Stored data:

------------

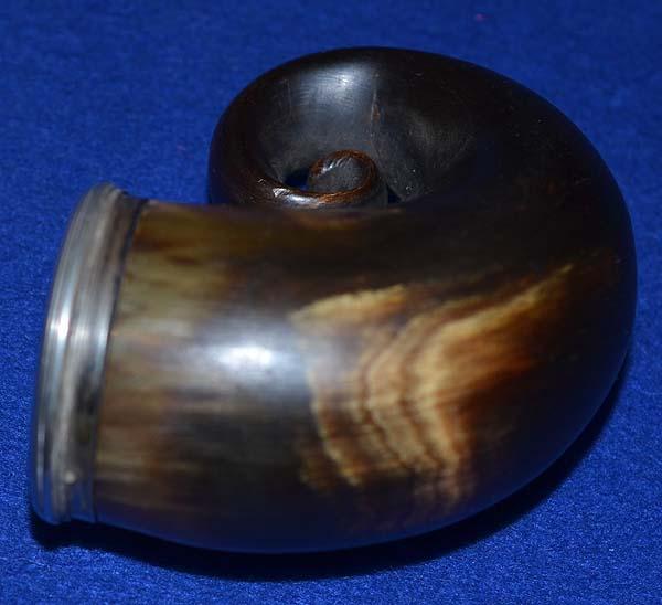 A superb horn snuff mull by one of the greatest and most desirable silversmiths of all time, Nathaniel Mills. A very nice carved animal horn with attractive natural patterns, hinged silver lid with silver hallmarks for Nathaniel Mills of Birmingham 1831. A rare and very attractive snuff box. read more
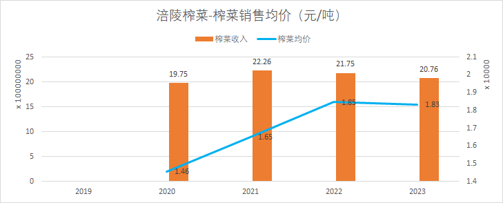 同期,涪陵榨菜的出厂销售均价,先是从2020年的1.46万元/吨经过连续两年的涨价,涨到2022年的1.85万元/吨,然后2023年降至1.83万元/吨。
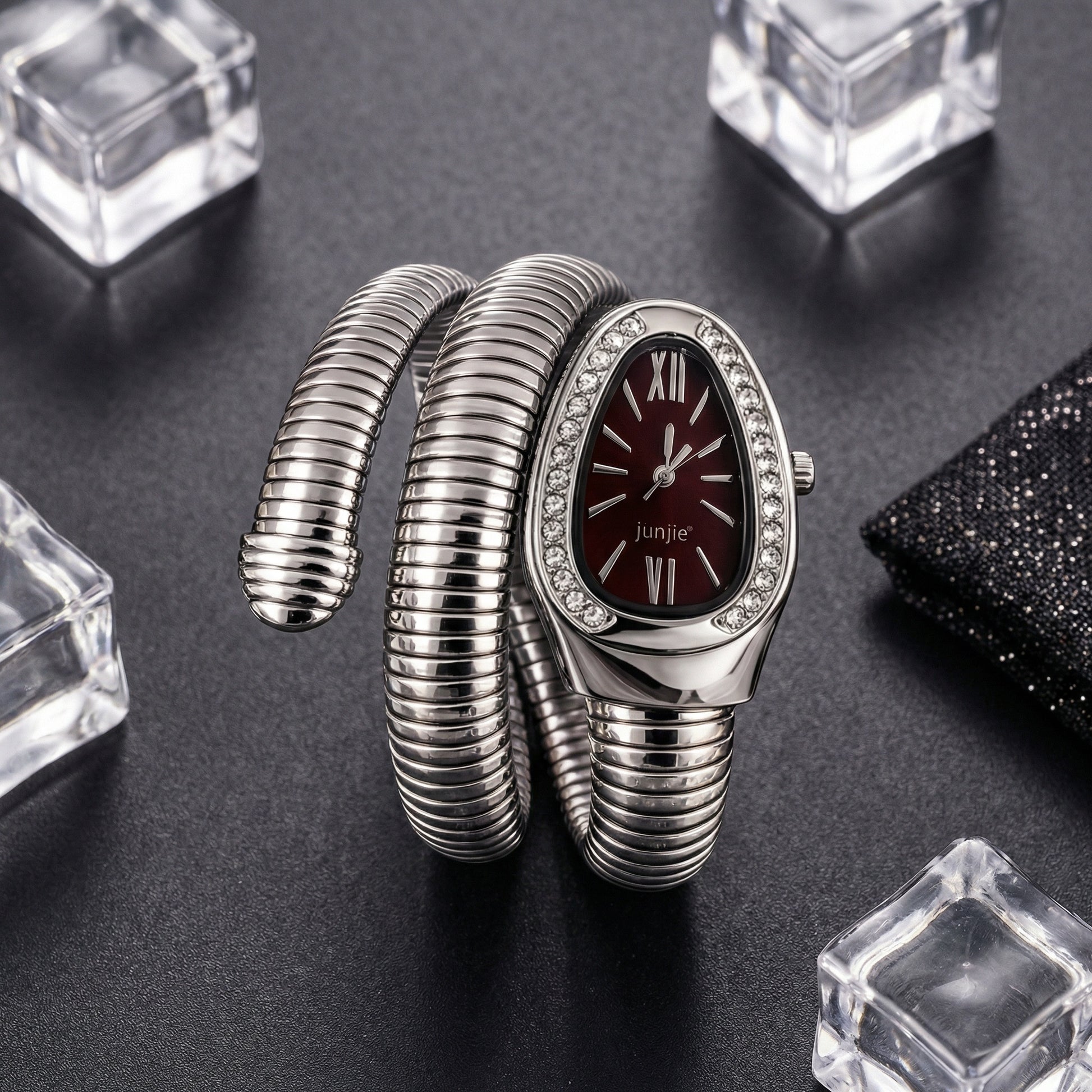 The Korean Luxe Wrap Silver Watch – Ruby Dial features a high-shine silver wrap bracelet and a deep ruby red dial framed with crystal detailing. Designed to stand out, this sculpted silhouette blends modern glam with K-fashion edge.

------------

Try it: Could you return the listing above exactly, minus its pictures?

Worked solution:
 A superb horn snuff mull by one of the greatest and most desirable silversmiths of all time, Nathaniel Mills. A very nice carved animal horn with attractive natural patterns, hinged silver lid with silver hallmarks for Nathaniel Mills of Birmingham 1831. A rare and very attractive snuff box. read more
 同期,涪陵榨菜的出厂销售均价,先是从2020年的1.46万元/吨经过连续两年的涨价,涨到2022年的1.85万元/吨,然后2023年降至1.83万元/吨。
 The Korean Luxe Wrap Silver Watch – Ruby Dial features a high-shine silver wrap bracelet and a deep ruby red dial framed with crystal detailing. Designed to stand out, this sculpted silhouette blends modern glam with K-fashion edge.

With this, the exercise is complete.